Пес радостно кинулся к парню и на миг преградил ему путь, и Маргарет удивленно спросила, почему он поднялся в такую рань. Он быстро объяснил. В Труро — ярмарка, там выступают актеры, которые, как говорят, однажды давали представление в Лондоне перед самой королевой. Вот он и выехал пораньше, чтобы сопровождать ее на представление, если ей будет угодно. А пьесу дают после обеда во дворе харчевни «Герб Тревеньона». Узнав, что Маргарет ушла на прогулку, он спешился и пошел ей навстречу. Не желая терять времени попусту, попросил у Мэтью ружье, чтоб подстрелить зайца или тетерку на обед его светлости. Сообщив ей все это скороговоркой, он вдруг спросил, кто ее спутник.
Маргарет могла по-разному представить своего пленника. Из всех способов она лукаво выбрала самый маловразумительный и в то же время интригующий:
— Джервас, это дон Педро де Мендоса и Луна, граф Маркос.
У молодого моряка округлились от удивления глаза.
— Испанец! — воскликнул он таким тоном, словно хотел сказать: «Дьявол!» и почти инстинктивно скинул с плеча ружье, будто готовился к бою. — Испанец! — повторил он.
Дон Педро улыбнулся, придав лицу подобающее обстановке выражение усталости и грусти.
— Насквозь промокший, сэр, — сказал он на своем безупречном английском.
Но сэр Джервас едва взглянул на него и перевел взгляд на Маргарет.
— Скажите, ради бога, откуда взялся испанец?
— Море, отвергнув меня, милостиво бросило к ногам ее светлости, — ответил вместо нее дон Педро.
Джервас с первого взгляда невзлюбил его и отнюдь не потому, что дон Педро был испанцем. Возможно, дон Педро намеренно вызвал его антипатию — слишком они были несхожи — и внешне, и складом ума: в каких бы обстоятельствах они ни повстречались, между ними никогда бы не возникла привязанность. Дон Педро был непревзойденным мастером уязвить человека в самую душу — и тоном, и взглядом, и его искусство вызывало тем большую досаду, что сочеталось с изысканной вежливостью, не дававшей основания выразить недовольство.

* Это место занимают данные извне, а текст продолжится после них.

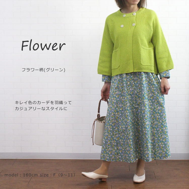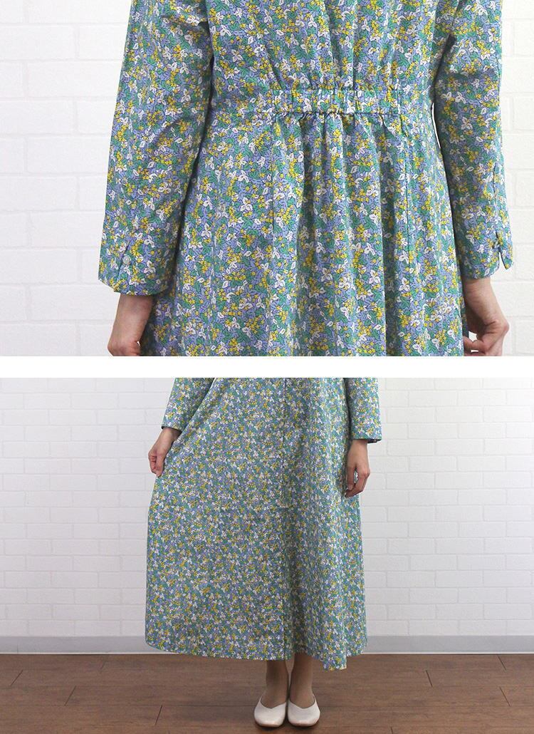 ポンデシャロン PONT DE CHALONS 22480418 ワンピース 前あき 花柄 ドット 長袖 羽織り レディース 女性 春 秋 綿100% 可愛い フェミニン カジュアル ブラック グリーン 洗濯可 F 9号 11号 40代 50代 60代 店舗 通販 オンラインショップ
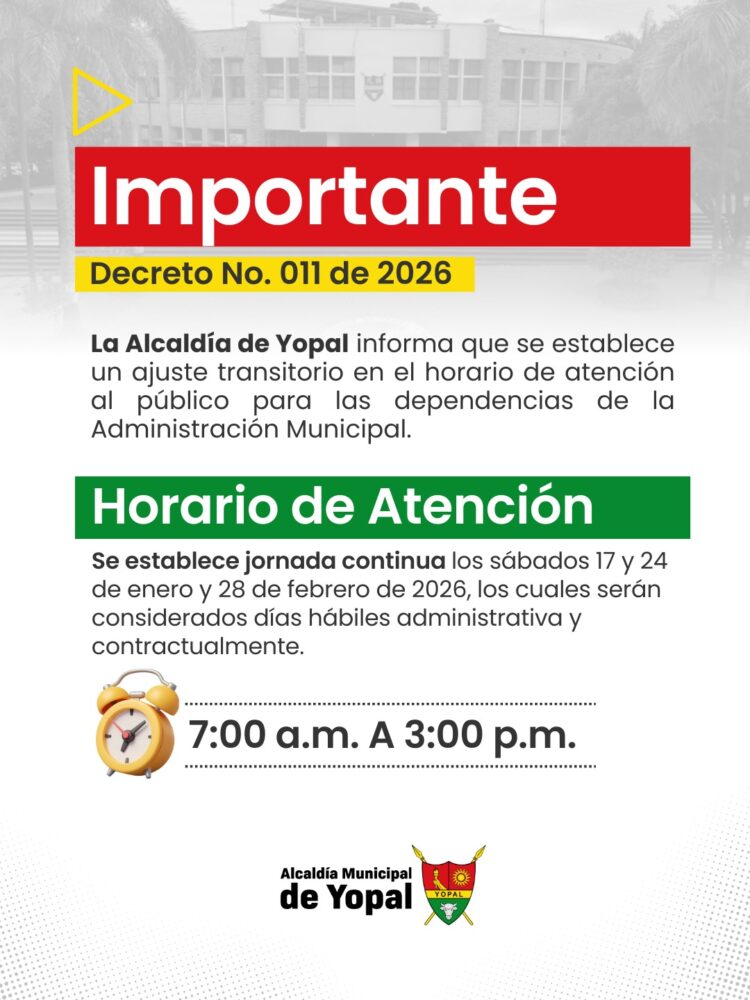 De acuerdo con la Administración Municipal, los sábados 17 y 24 de enero y 28 de febrero de 2026 fueron declarados como días hábiles, tanto administrativa como contractualmente. Esta medida permitirá avanzar en trámites y procesos internos, así como responder de manera oportuna a las necesidades de los yopaleños.
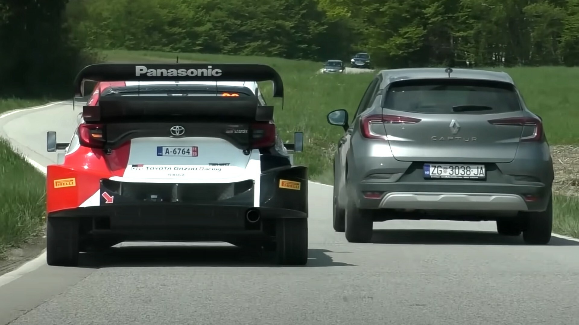 The most dangerous part of the video is likely the maneuver of the Hyundai i20 N Rally1 that is overtaking a Citroen Berlingo van right at the last minute before taking the exit on the highway. At another point we can see a Toyota GR Yaris Rally1 Hybrid casually overtaking a Renault Captur, showing the notable difference in width between the wide-bodied rally cars and a mainstream B-SUV. Other appearances in the video include the Ford Puma Rally1 Hybrid, as well as rally cars of different categories like several examples of the Skoda Fabia and a rare Alpine A110 Rally.
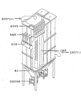 概述:“脉冲袋式集尘器”是一种理想的高效低耗性集尘及原材料粉尘回收设备,设备本体由集气箱、过滤袋、净汽箱、集灰斗、清灰装置及电控脉冲阀系统等部分组成;该设备利用高压喷吹原理,含尘空气由集尘设备底部吸送至滤袋室内,粉尘附著于滤袋表面,过滤后之清净空气通过滤袋设备顶部排出,滤袋表面附著之粉尘以喷气逆洗方式清洗滤袋,震落后收集于压板式集尘桶内清除。清洗滤袋装置设置于滤袋顶部,运作时以压缩空气(7kg/cm2)瞬间喷入并导入5至7倍的二次空气,使滤袋产生扩张的震动原理,利用此扩张的振动原理及空气逆洗作达到清洗滤袋的效果。能使滤袋提高透气性降耗节省动力能源。清洗滤袋时因每组滤袋清洗时间仅约0.1秒,对过滤面积影响几乎没有,且每一组滤袋循环清洗时间间隔约三分钟,滤袋整体压降保持一定,处理风量压力变动小,设备整体能保持稳定状态运转。除尘器工作时气流引射量大,粉尘过滤,与清灰桶可持续并自动运行。集灰箱可根据需要配置底轮滑动手推式集尘箱,该除尘设备是目前所有各类除尘器中性能比较高的除尘装置设备之一。1, 特点:粉尘废气的处理可允许入口粉尘浓度大,回收净化效率可达百分之99以上,2, 清灰槽桶采用1C在线脉冲仪控制进行,全自动清灰、卸料、操作免停机,清灰彻底、运动稳定等,省时省力;3,滤袋:根据粉尘性质可选用耐温,耐酸喊,防静电,防水防油等性能的防尘在针刺滤袋。可直接处理含尘浓度高达1000g/Nm3的含尘气体,经处理后气体的排放浓度低于50mg/Nm3,也可根据用户的特殊要求,满足更加严格的排放标准。针对各种不同类型的烟气,可采用不同的滤料来加入以处理,使之达到排放要求,适应性强。采用先进的脉冲阀,性能可靠。脉冲阀使用寿命100万次。采用先进的PLC可编辑控制器,定时或定阻自动喷吹清灰,实行自动化运动,耗气量小,清灰彻底,性能稳定。
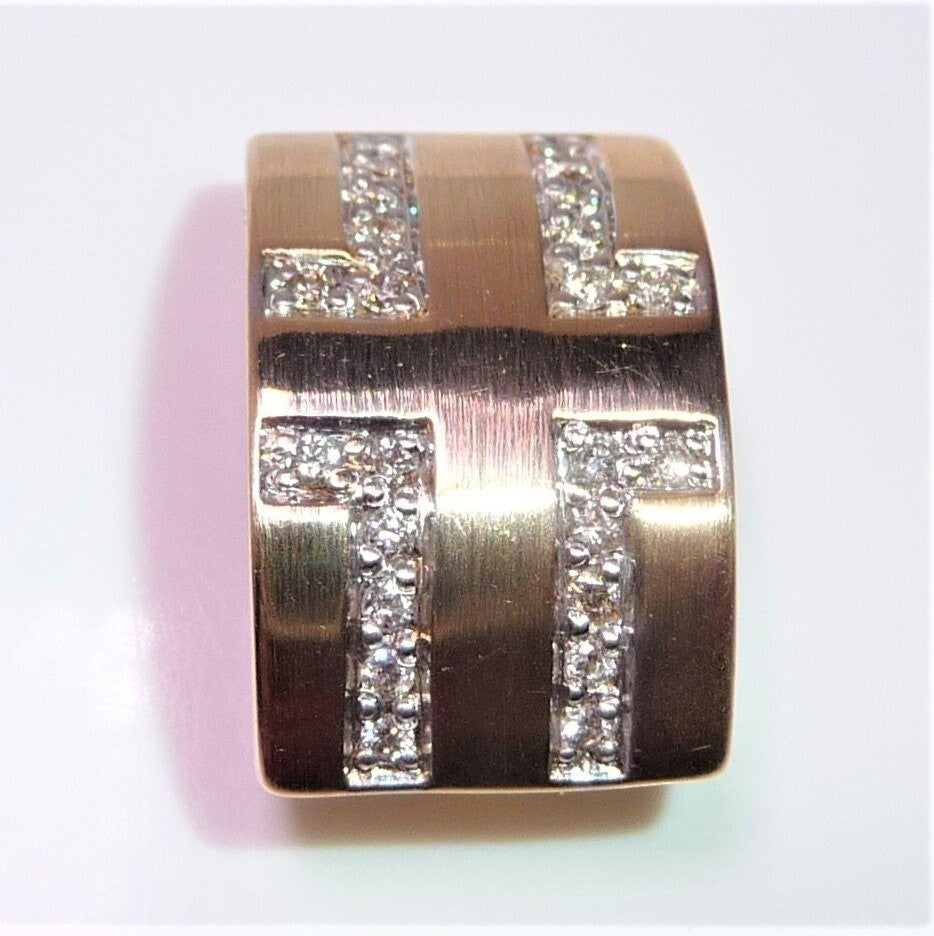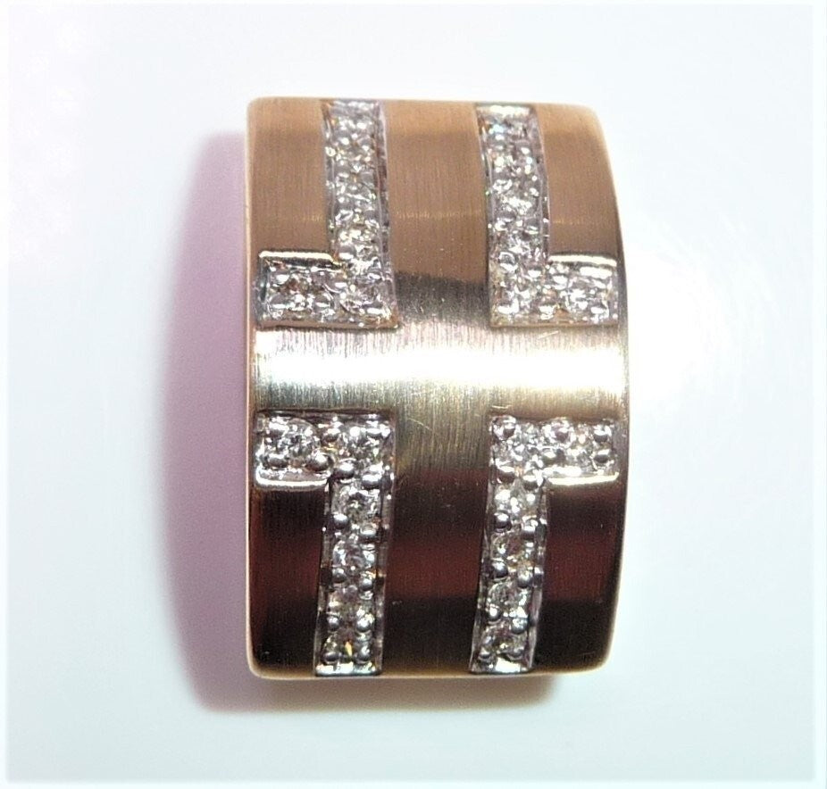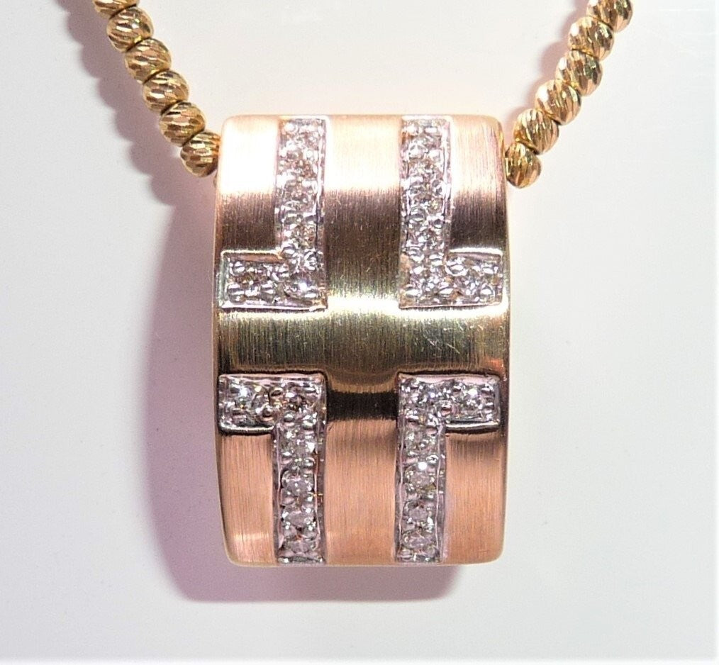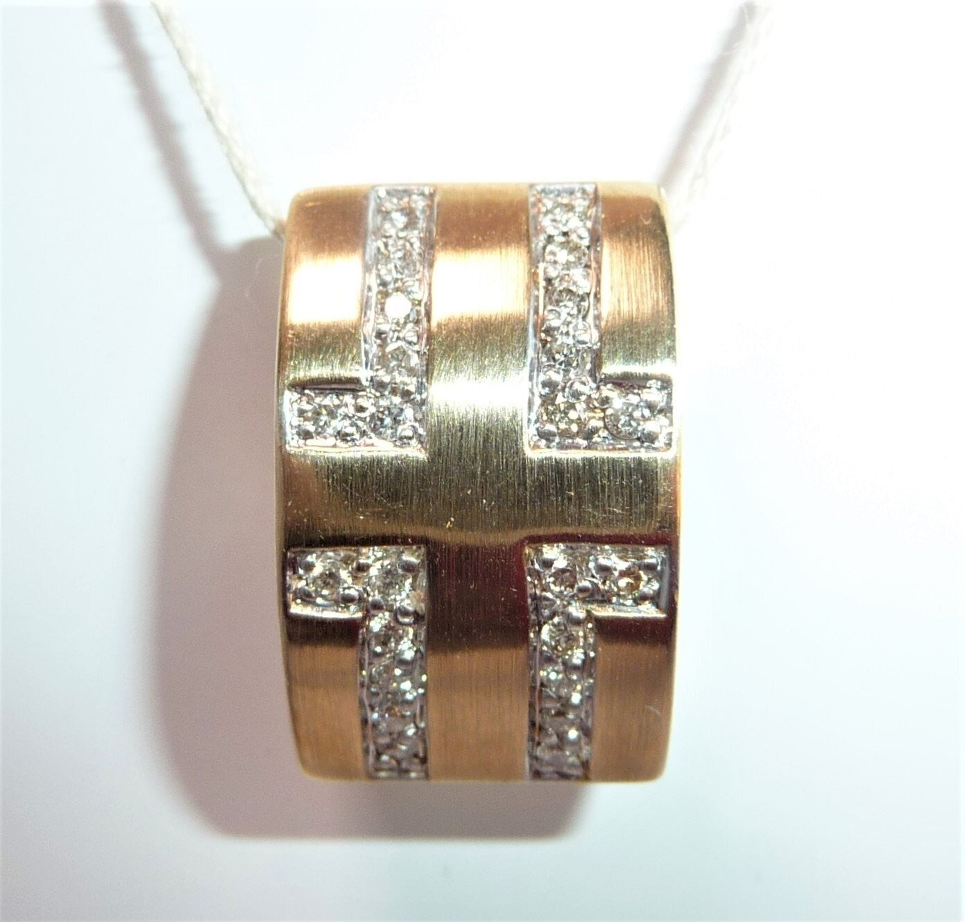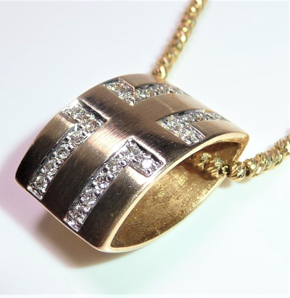 Anhänger in 585 / 14 K Gelbgold. Der breite Anhänger ist sehr flexibel einsetzbar, da er auch sehr breite Ketten, Lederbänder und sogar Perlenketten aufnehmen kann. Im Seitenprofil ist der Anhänger wie ein Auge geformt. Im vorderen Bereich ist ein Muster mit 24 Diamanten im Brillantschliff geformt. Das Muster ähnelt einem Kreuz. Die 24 Diamanten haben zusammen 0.24 ct. mit Farbe überwiegend G und Reinheit SI.

— Хотите сказать, что потерпели крушение? — с откровенной враждебностью спросил Джервас.
Тонкое лицо дона Педро снова осветила слабая грустная улыбка.
— Надеюсь, я выразил ту же мысль более галантно. В этом единственная разница.
Молодой человек подошел поближе.
— Какая удача, что я вас встретил, — сказал он просто.
Дон Педро поклонился.
— Вы очень любезны, я ваш должник.
— Любезен? — Джервас хмыкнул. — Боюсь, вы заблуждаетесь, — и, исключая дальнейшее напоминание, добавил коротко. — Я не доверяю ни одному испанцу.
— А какой испанец просит вас о доверия? — недоуменно спросил дон Педро.
Джервас пропустил его слова мимо ушей и перешел к делу.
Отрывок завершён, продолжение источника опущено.